From the records below, output exactly the lines starting at the line with "On Aug. 25, riot" and ending at the line with "Trendy Luxury Black", both of them included, but no pictures.
Top of PROVIDED INFORMATION
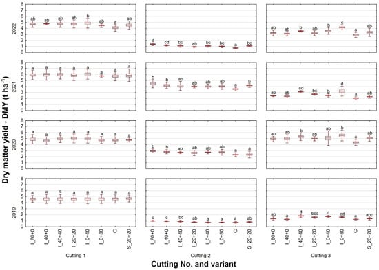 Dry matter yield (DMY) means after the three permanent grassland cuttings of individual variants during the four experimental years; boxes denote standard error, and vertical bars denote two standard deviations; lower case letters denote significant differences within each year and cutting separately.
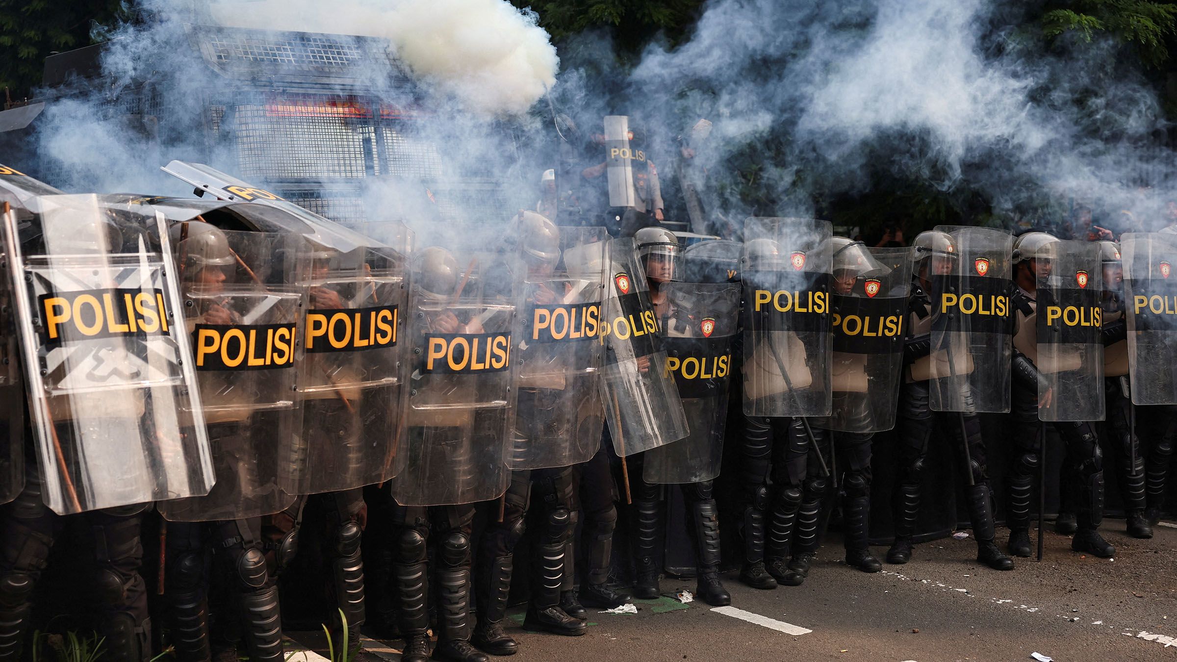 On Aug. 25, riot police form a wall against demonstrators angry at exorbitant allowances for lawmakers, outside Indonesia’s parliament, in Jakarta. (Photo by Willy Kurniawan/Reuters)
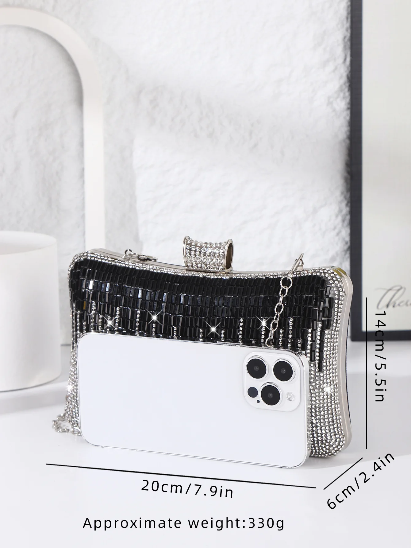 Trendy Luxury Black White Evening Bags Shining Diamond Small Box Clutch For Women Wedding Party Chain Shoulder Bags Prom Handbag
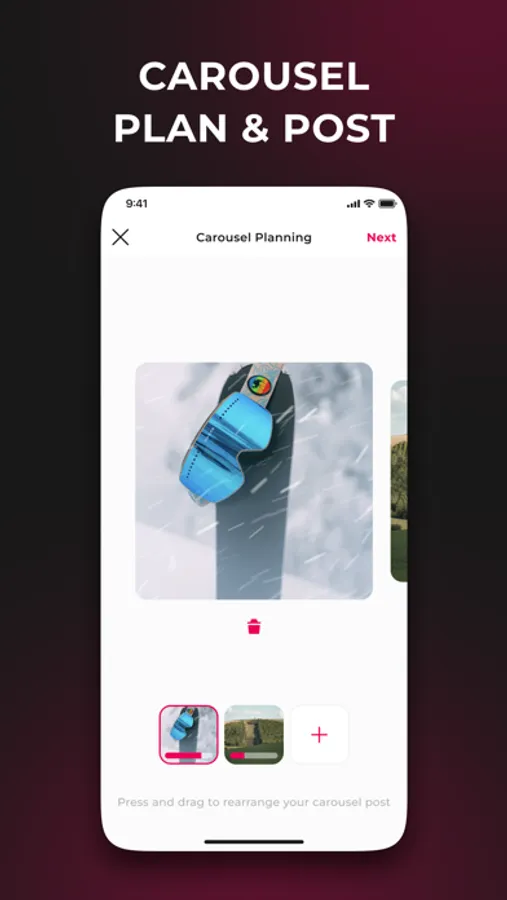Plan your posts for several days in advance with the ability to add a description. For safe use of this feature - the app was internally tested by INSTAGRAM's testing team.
Bottom of PROVIDED INFORMATION
Top of PROVIDED INFORMATION
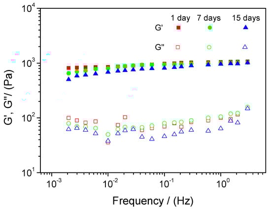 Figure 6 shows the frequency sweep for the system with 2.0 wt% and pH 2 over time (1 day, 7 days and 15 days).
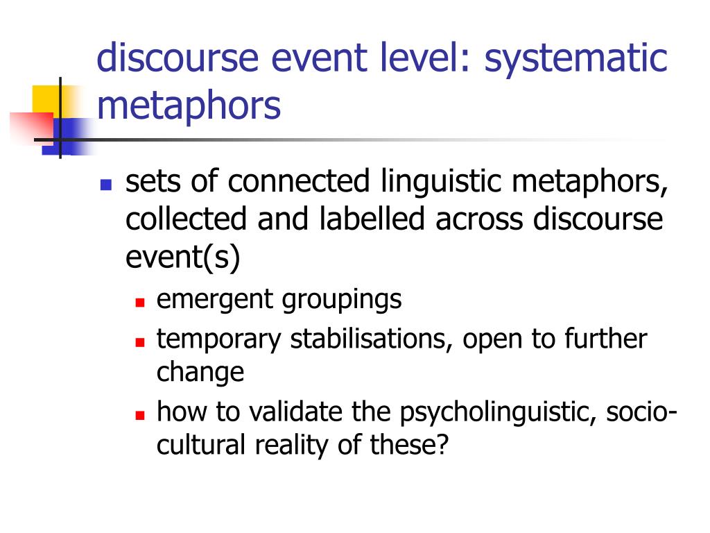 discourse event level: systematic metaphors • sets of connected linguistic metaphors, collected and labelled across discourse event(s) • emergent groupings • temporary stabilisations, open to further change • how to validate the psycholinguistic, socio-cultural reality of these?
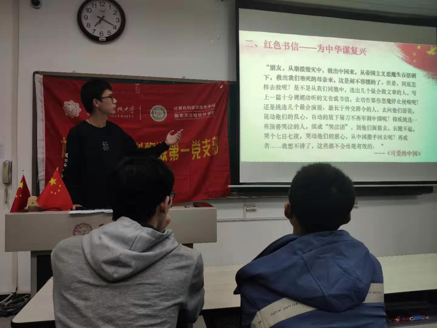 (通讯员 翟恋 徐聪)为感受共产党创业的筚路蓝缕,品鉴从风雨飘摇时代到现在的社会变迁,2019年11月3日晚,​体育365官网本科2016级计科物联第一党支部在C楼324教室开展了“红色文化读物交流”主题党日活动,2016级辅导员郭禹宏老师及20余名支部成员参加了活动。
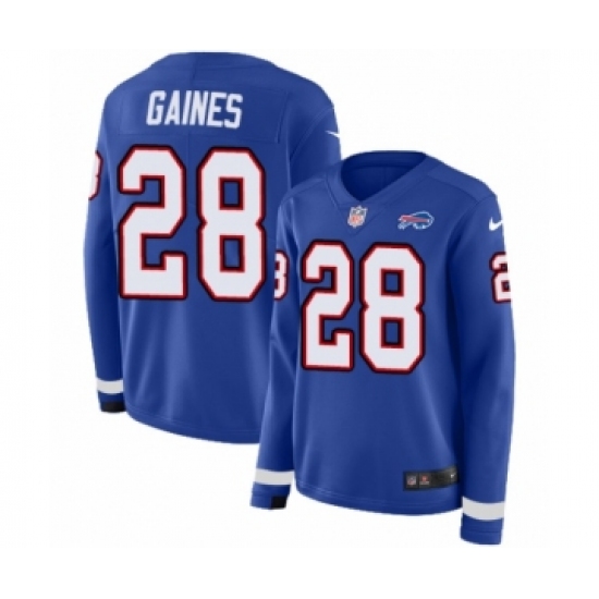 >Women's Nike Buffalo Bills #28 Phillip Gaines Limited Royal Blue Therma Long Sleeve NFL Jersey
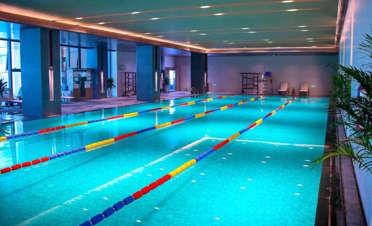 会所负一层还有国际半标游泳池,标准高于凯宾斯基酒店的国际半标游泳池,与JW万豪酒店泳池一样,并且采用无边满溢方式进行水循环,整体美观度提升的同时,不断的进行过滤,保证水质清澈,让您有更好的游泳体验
Bottom of PROVIDED INFORMATION
→ **EXERCISE ANSWER**
 On Aug. 25, riot police form a wall against demonstrators angry at exorbitant allowances for lawmakers, outside Indonesia’s parliament, in Jakarta. (Photo by Willy Kurniawan/Reuters)
 Trendy Luxury Black White Evening Bags Shining Diamond Small Box Clutch For Women Wedding Party Chain Shoulder Bags Prom Handbag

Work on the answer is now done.